Now for any $k\geq1$ we have an obvious *-isomorphism $M_k(\mathbb{C})\cong M_k(\mathbb{C}1_{\tilde{A}})$. It is true that when we have two projections $r_1,r_2\in M_k(\mathbb{C})$ of the same rank (i.e. of the same trace) then they are similar, i.e. we have a unitary $u\in M_k(\mathbb{C})$ so that $ur_1u^*=r_2$. Passing this result through our *-isomorphism, since $s(p')$ and $1_n\oplus0_n$ are Murray-von Neumann equivalent (thus the corresponding projections through the isomorphism have the same trace, i.e. they are of the same rank), there exists a unitary $u\in M_{2n}(\mathbb{C}\cdot1_{\tilde{A}})$ so that $u\cdot s(p')\cdot u^*=1_n\oplus0_n$.

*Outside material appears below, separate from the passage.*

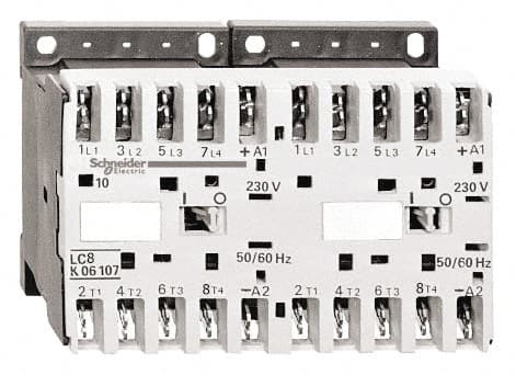 Schneider Electric - 3 Pole, 24 Coil VAC at 50/60 Hz, 16 Amp at 690 VAC, 20 Amp at 440 VAC and 9 Amp at 440 VAC, Reversible IEC Contactor - BS 5424, CSA, IEC 60947, NF C 63-110, RoHS Compliant, UL Listed, VDE 0660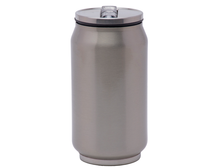 Descripción: Termo para sublimación en forma de lata, es de acero inoxidable con doble pared insulado al alto vacío, mantiene las bebidas calientes por 12 horas y frías por 24 horas. Cuenta con tapa hermética de rosca y boquilla plegable para beber. CAP. 300 ml. (10 OZ). Presentación: caja individual.

Note that $u$ is a scalar element, i.e. $u=s(u)$. We set $p=u\cdot p'\cdot u^*$. Now $p$ is a projection in $M_{2n}(\tilde{A})$, we have $s(p)=s(up'u^*)=s(u)s(p')s(u^*)=us(p')u^*=1_n\oplus0_n$ and it is obvious that $p\sim_0 p'$ and $s(p)\sim_0 s(p')$, so $[p']_0-[s(p')]_0=[p]_0-[s(p)]_0$, as we wanted.